Work required: Please retype the records below exactly, omitting any images.

--------

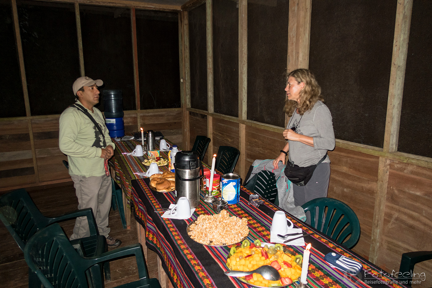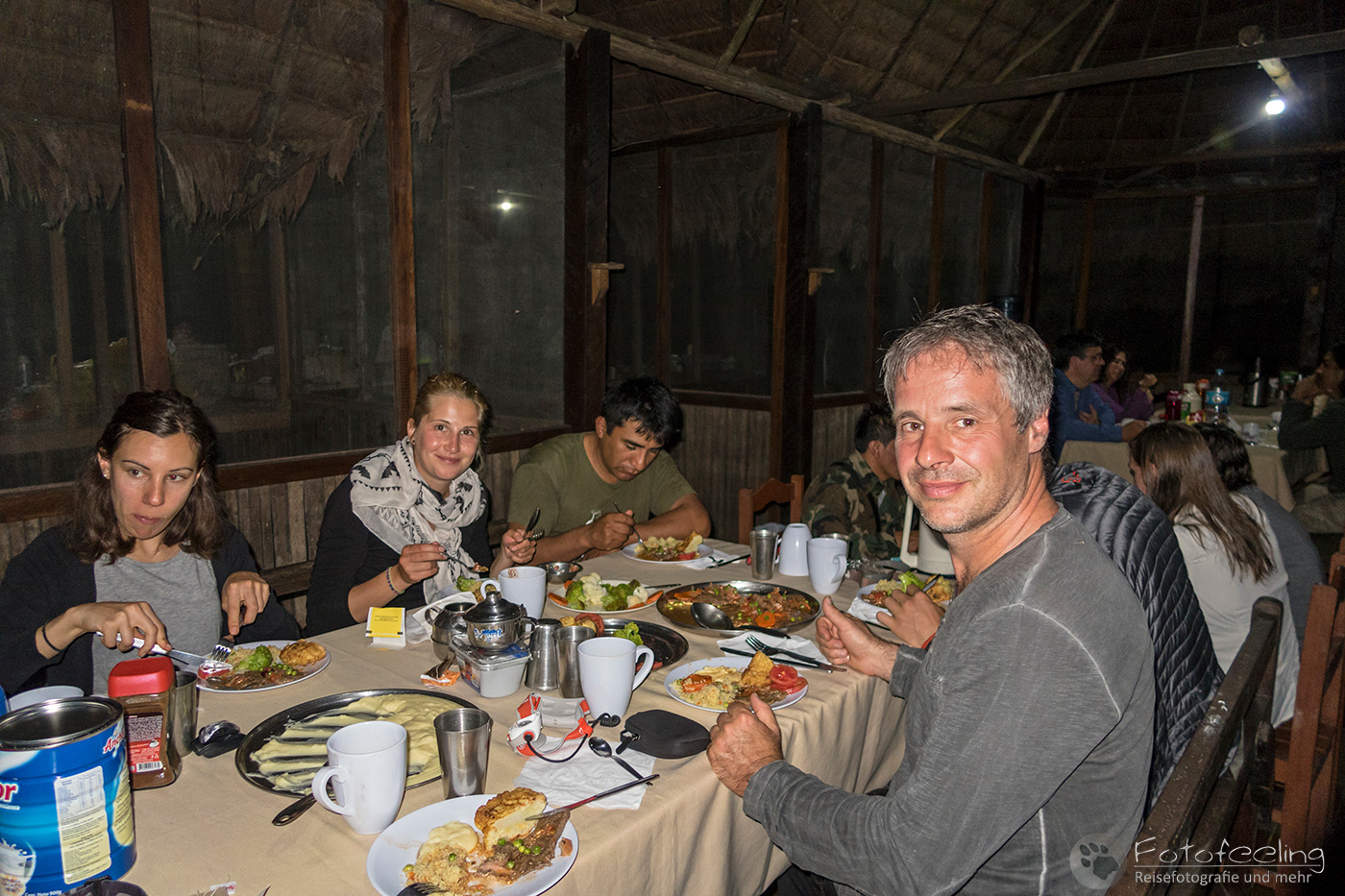 Auf der Plattform nahm jeder wieder seine Matratze ein und verspeiste noch sein Abendessen. Es gab Lomo Saltado. Sehr lecker, aber leider viel zu wenig Soße. Danach lasen wir noch etwas und mussten dann wieder das Licht ausschalten. Doch auch diese Nacht tat sich nichts. Wir schliefen bis ca. 23.00 Uhr und schleppten uns dann müde zur Lodge zurück. Carlos meinte es besonders gut und ging noch einen Umweg, den keiner von uns gebraucht hätte, denn wir waren einfach nur übermüdet.
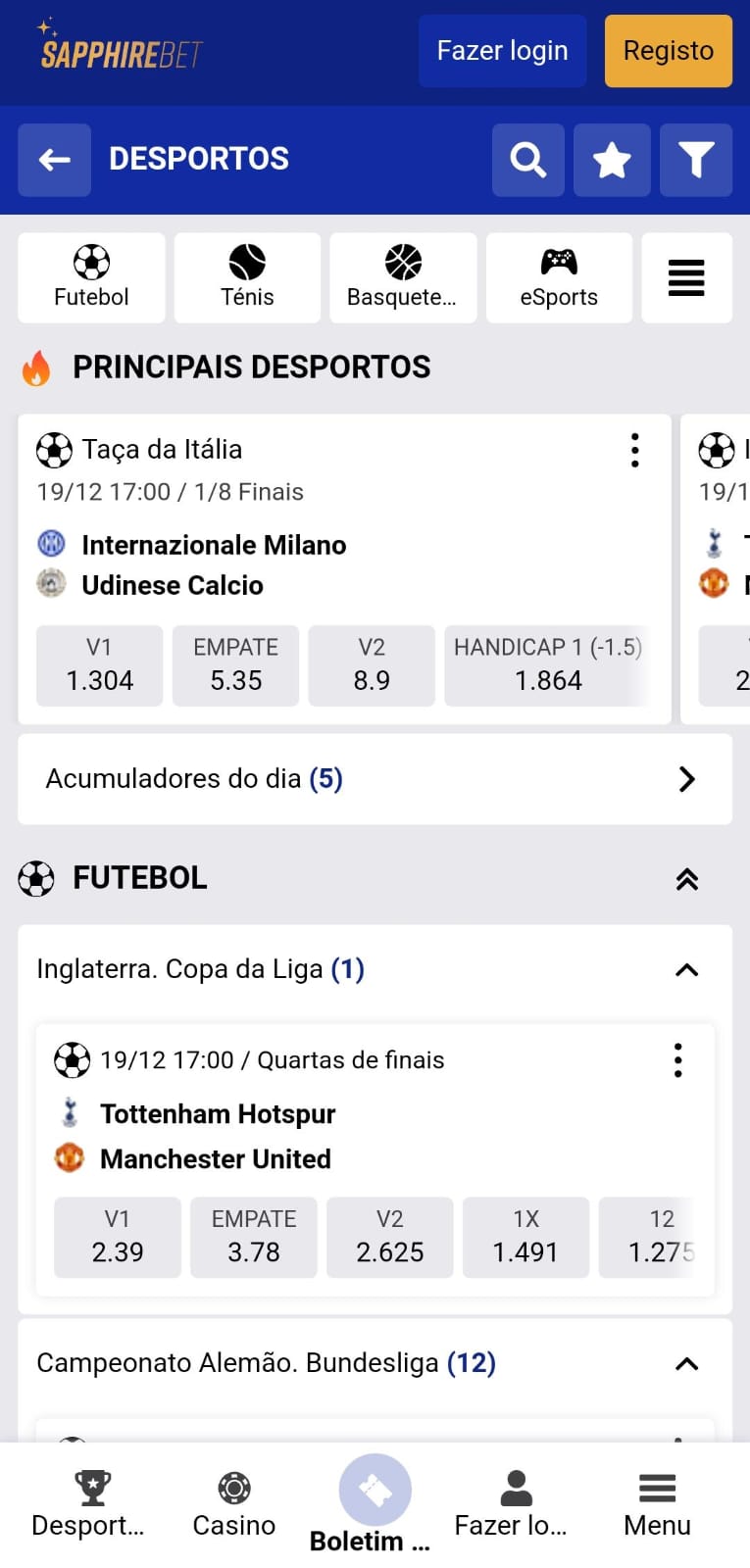 As plataformas desktop e mobile da Sapphirebet, assim como as apps Android e iOS, destacam-se por serem intuitivas e bem organizadas, apresentando um design sofisticado e atraente. Com uma combinação de cores sóbrias, onde prevalece o azul escuro, o site adota uma aparência moderna e acolhedora, projetada para tornar a navegação mais fluida e lógica. Menus, listas, motores de busca e filtros são estrategicamente implementados para facilitar a exploração das diversas áreas e seções de apostas. O site apresenta uma usabilidade optimal, focada na experiência do utilizador.
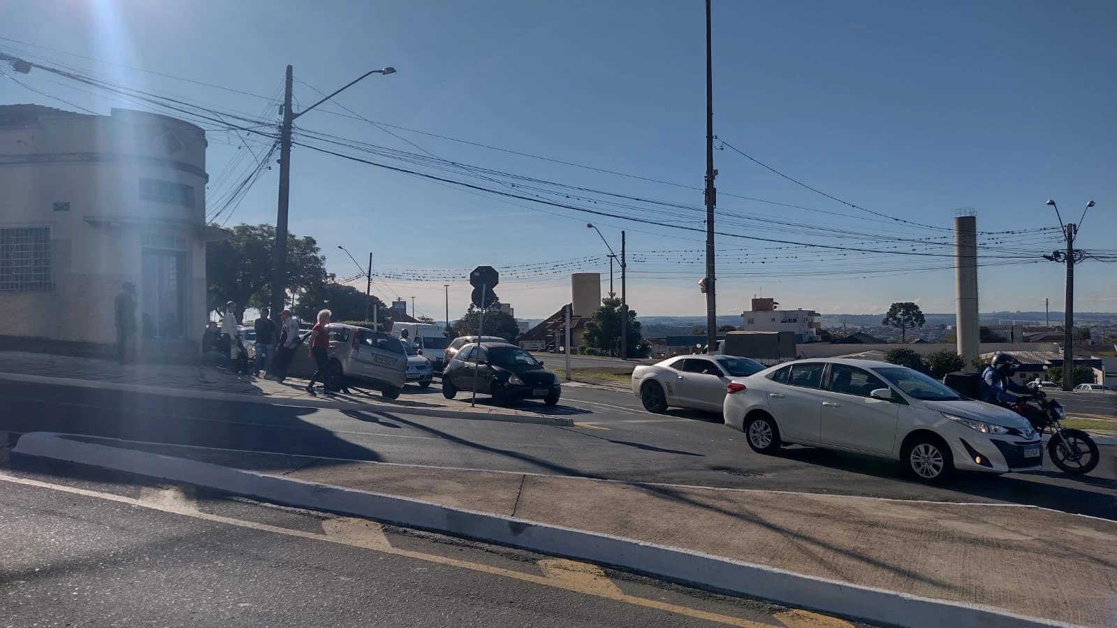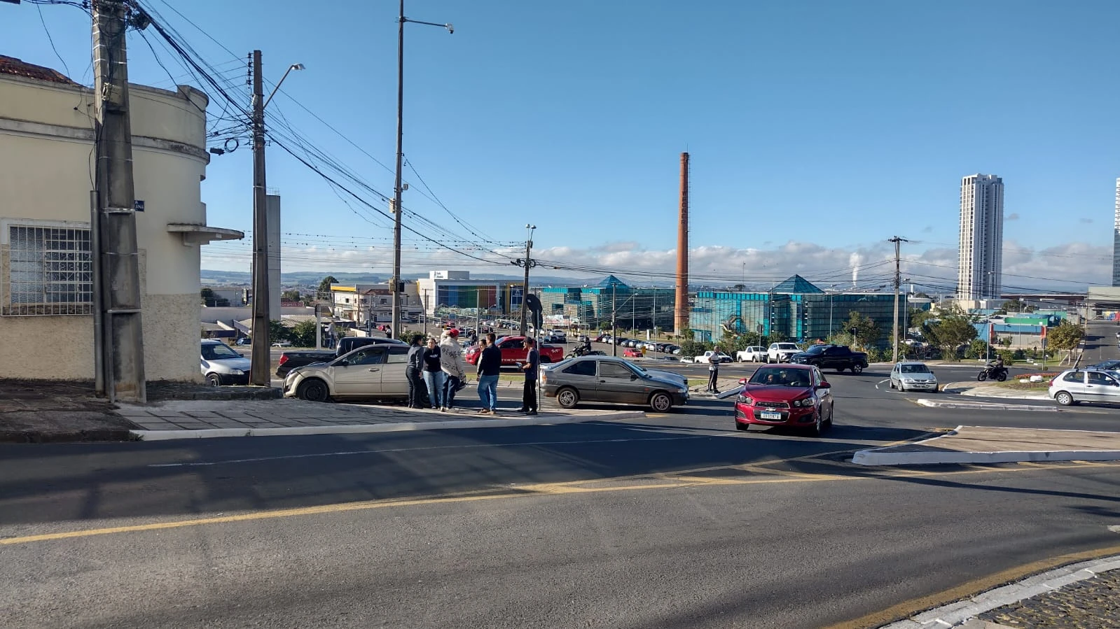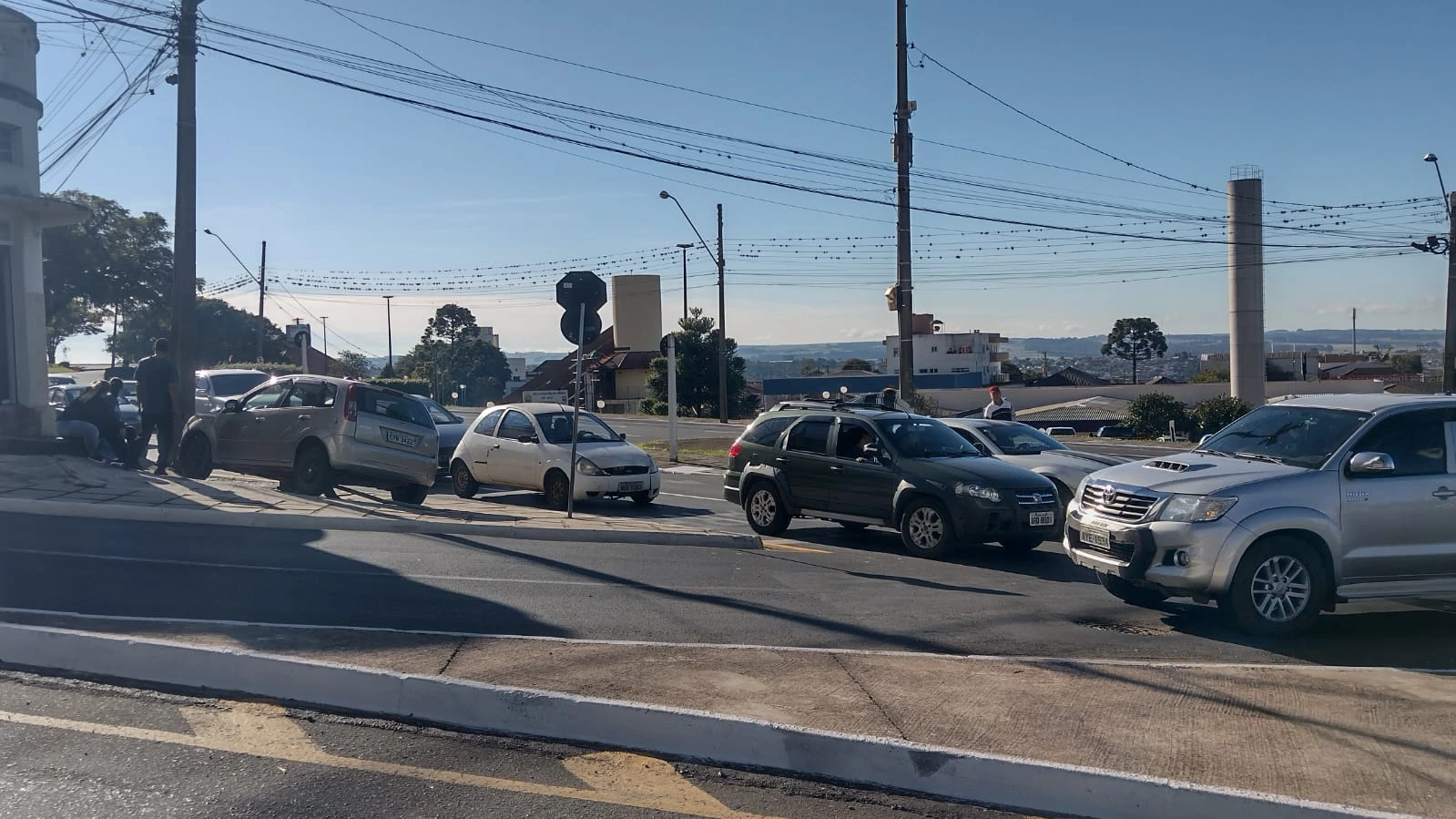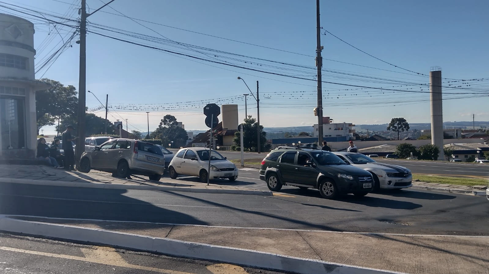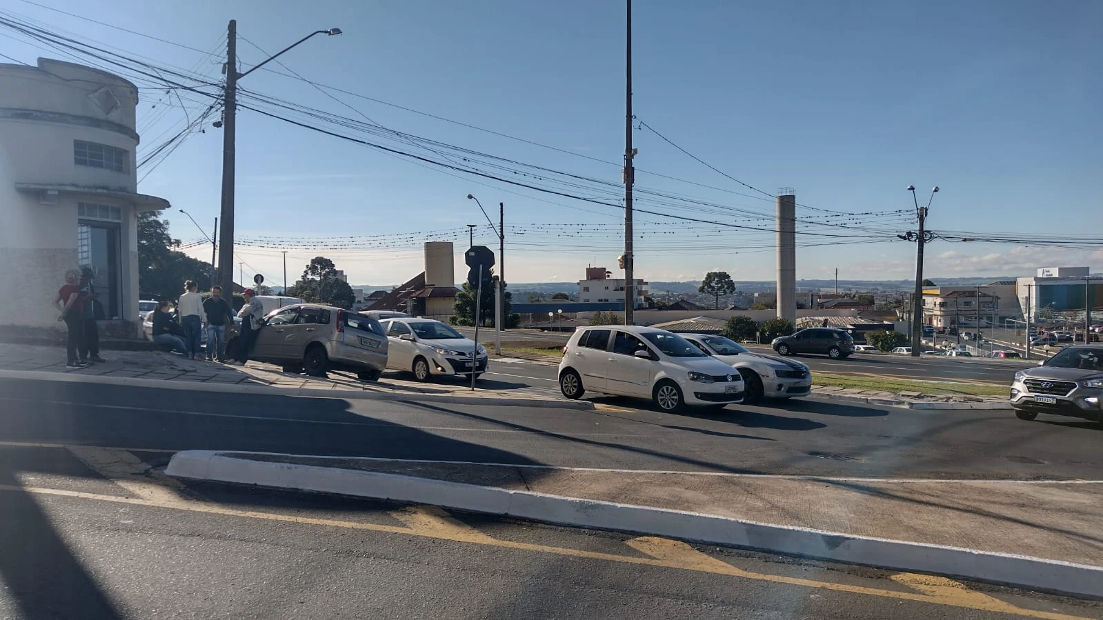 Uma colisão entre um Chevrolet Camaro e um Ford Fiesta aconteceu na manhã desta quinta-feira (27), na Rotatória dos Tropeiros, nas proximidades da Vila Estrela. Com a colisão o Fiesta acabou adentrando a calçada e derrubando uma placa de sinalização no local.
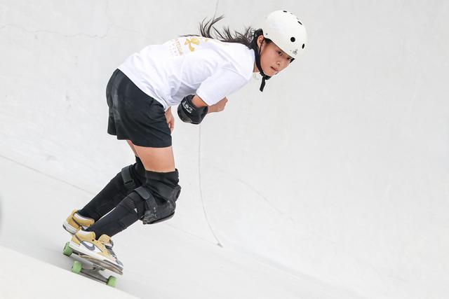 高高跃起,却未能在空中抓住脚下的滑板——郑好好摔在池底,双膝跪地,向前滑出一长段才缓缓停下。她默默起身,捡起掉落在一旁的滑板迅速退场。这是郑好好在全运会滑板女子碗池决赛中的第三组动作,以失误告终后,她的成绩定格在83.47分,提前与冠军失之交臂。或许是因为最后一轮的压力过大,随后出场的两位运动员也接连出现失误,未能实现反超,郑好好最终摘得一枚铜牌,她的广东队队友邹明珂以86.92的高分夺得金牌,山东选手孟令妍收获银牌。
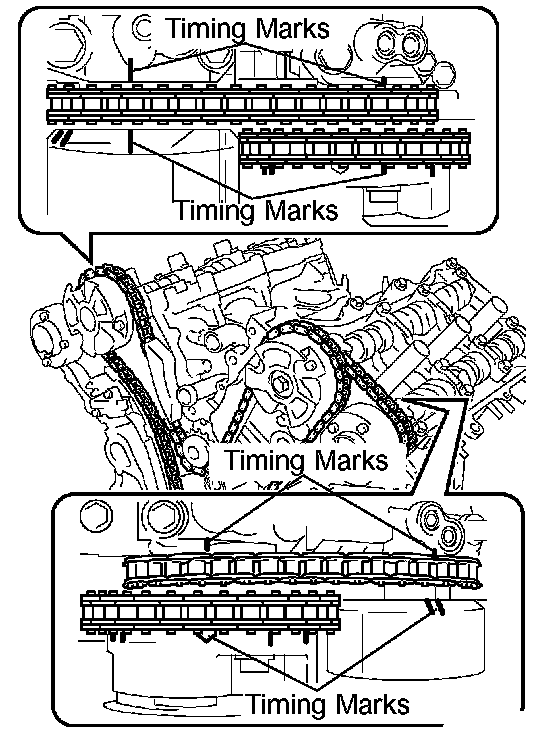 c. Check that the timing marks of the camshaft timing gears are aligned with the timing marks of the bearing caps as shown in the illustration.
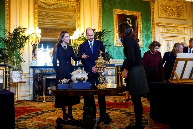 Britain's Prince William, Prince of Wales, and Catherine, Princess of Wales react as they view items on display relating to Germany, during a visit to the Royal Collection exhibition in the Green Drawing Room at Windsor Castle, during German President Frank-Walter Steinmeier's state visit to Britain, in Windsor, Britain, December 3, 2025. REUTERS/Hannah, Credit:Hannah McKay / Avalon
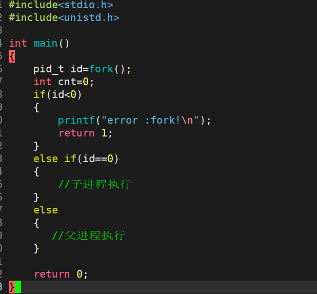 ①是想让子进程执行父进程代码的一部分,比如同时运行父进程的if -else if 条件语句:
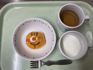 アンパンマンのにんじんケーキ、牛乳

--------

Answer box:
 Auf der Plattform nahm jeder wieder seine Matratze ein und verspeiste noch sein Abendessen. Es gab Lomo Saltado. Sehr lecker, aber leider viel zu wenig Soße. Danach lasen wir noch etwas und mussten dann wieder das Licht ausschalten. Doch auch diese Nacht tat sich nichts. Wir schliefen bis ca. 23.00 Uhr und schleppten uns dann müde zur Lodge zurück. Carlos meinte es besonders gut und ging noch einen Umweg, den keiner von uns gebraucht hätte, denn wir waren einfach nur übermüdet.
 As plataformas desktop e mobile da Sapphirebet, assim como as apps Android e iOS, destacam-se por serem intuitivas e bem organizadas, apresentando um design sofisticado e atraente. Com uma combinação de cores sóbrias, onde prevalece o azul escuro, o site adota uma aparência moderna e acolhedora, projetada para tornar a navegação mais fluida e lógica. Menus, listas, motores de busca e filtros são estrategicamente implementados para facilitar a exploração das diversas áreas e seções de apostas. O site apresenta uma usabilidade optimal, focada na experiência do utilizador.
 Uma colisão entre um Chevrolet Camaro e um Ford Fiesta aconteceu na manhã desta quinta-feira (27), na Rotatória dos Tropeiros, nas proximidades da Vila Estrela. Com a colisão o Fiesta acabou adentrando a calçada e derrubando uma placa de sinalização no local.
 高高跃起,却未能在空中抓住脚下的滑板——郑好好摔在池底,双膝跪地,向前滑出一长段才缓缓停下。她默默起身,捡起掉落在一旁的滑板迅速退场。这是郑好好在全运会滑板女子碗池决赛中的第三组动作,以失误告终后,她的成绩定格在83.47分,提前与冠军失之交臂。或许是因为最后一轮的压力过大,随后出场的两位运动员也接连出现失误,未能实现反超,郑好好最终摘得一枚铜牌,她的广东队队友邹明珂以86.92的高分夺得金牌,山东选手孟令妍收获银牌。
 c. Check that the timing marks of the camshaft timing gears are aligned with the timing marks of the bearing caps as shown in the illustration.
 Britain's Prince William, Prince of Wales, and Catherine, Princess of Wales react as they view items on display relating to Germany, during a visit to the Royal Collection exhibition in the Green Drawing Room at Windsor Castle, during German President Frank-Walter Steinmeier's state visit to Britain, in Windsor, Britain, December 3, 2025. REUTERS/Hannah, Credit:Hannah McKay / Avalon
 ①是想让子进程执行父进程代码的一部分,比如同时运行父进程的if -else if 条件语句:
 アンパンマンのにんじんケーキ、牛乳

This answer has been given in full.